21 de dezembro de 2009

Eram folhas amareladas. Para dar um tom mais clássico, havia queimado levemente as suas pontas. Que tipo de autor queimaria as pontas de folhas amareladas? Não era um drama. Era um conto de fada, daqueles com finais felizes. Pelo conforto que ele trazia a cada página folheada, era feito exatamente sob medida para àquelas situações. Talvez o autor se importasse com o sentimento do leitor mais do que o esperado, ou só quisesse fazer aquilo pra deixar mais bonito. Não importava. Levantou-se e foi até a janela ver se o tempo estava ao seu favor e, fitando Lennon, decidiu caminhar. Guardou o livro no maior bolso do casaco e suas bordas queimadas ficaram para fora, dando um ar de extremamente decididas. Imaginou que não seria possível ficar muito tempo fora de casa, sentia-se vagamente perdida longe das suas paredes e do seu chão. O negro dos seus cabelos fazia par com seus lábios vermelhos, e seus grandes olhos escuros marcavam profundamente o seu rosto. O cappuccino que comprara estava tão quente quanto gostava, e seu perfume floral exalava cada vez que passava por alguém, fazendo todos, em sequência, virarem os olhares ao seu encontro. Sentou-se no primeiro banco que havia livre. Sentia-se melhor quando não havia ninguém olhando.
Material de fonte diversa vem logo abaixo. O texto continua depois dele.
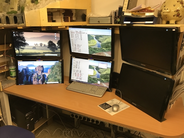 Helmut und Volker haben sich einen neuen Standort ausgesucht, der Leitstand wurde um 90 Grad gedreht und an die Wand gestellt. Helmut hat hierzu eine neue Arbeitsplatte gebaut und Helmut und Volker haben alle sechs Monitore entsprechend montiert. Stephan hat die neuen Computer angeschlossen und Volker hat die Verkabelung zur Anlage entsprechend ergänzt.

Tirou o livro do bolso, que dessa vez parecia muito menor, pois não abrigava nem metade do livro que antes só possuía algumas pontas de folhas para fora, e na sua contra-capa havia um esboço de um desenho. Entre várias linhas, identificou duas pessoas abraçadas, como se o último dia de sua vida fosse aquele, e não existisse amor maior que o representado ali.

6 de dezembro de 2009

Queria de alguma maneira tentar explicar porque as músicas refletiam dentro de si mesma. Eram elas que faziam suas lembranças voltar, eram elas que inspiravam e que deixavam em seu interior um grito preso, um pedaço de recordação trancado na garganta, versos desejosos de voz, até mesmo lágrimas, o ápice de seus sentimentos. Não queria deixar os dias irem sem um sentido. Eram as antigas e clássicas contradições, que moviam as horas em um ritmo cansativo. Suas paredes chamavam alguém, até mesmo Lennon sabia que ela precisava de um complemento, e não sua metade. Não poderia se anular. O seu sofá verde mostrava que além dela, mais alguém deveria sentar-se ali, e ocupar o lugar das almofadas amarelas e laranjas com franjinhas que trouxera da casa da pessoa que a guardava em baixo das asas. O espaço vazio do sofá procurava ocupar com controles da televisão, e coisas tão supérfluas, que no lugar de substituir alguém, só a fazia lembrar mais que o lugar deveria ser ocupado. Mas não queria achar ninguém. A razão que por muito tempo procurava em sua vida, já havia sido descoberta. O céu que deliciava seus olhos, a porção escura e antiga da cidade, as praças convidativas que conhecia, os cappuccinos do café de portas vermelhas, os livros, as músicas. Tudo isso era sua felicidade, que não imaginava como alguém pudesse fazê-la, ou trazê-la. O homem de Saint Paul estava muito ausente, tal como seu perfume no cachecol. Ela só não queria depender de ninguém, não queria depender de um sentimento que amanhã poderia não existir. “Does anybody else in here, feel the way I do?”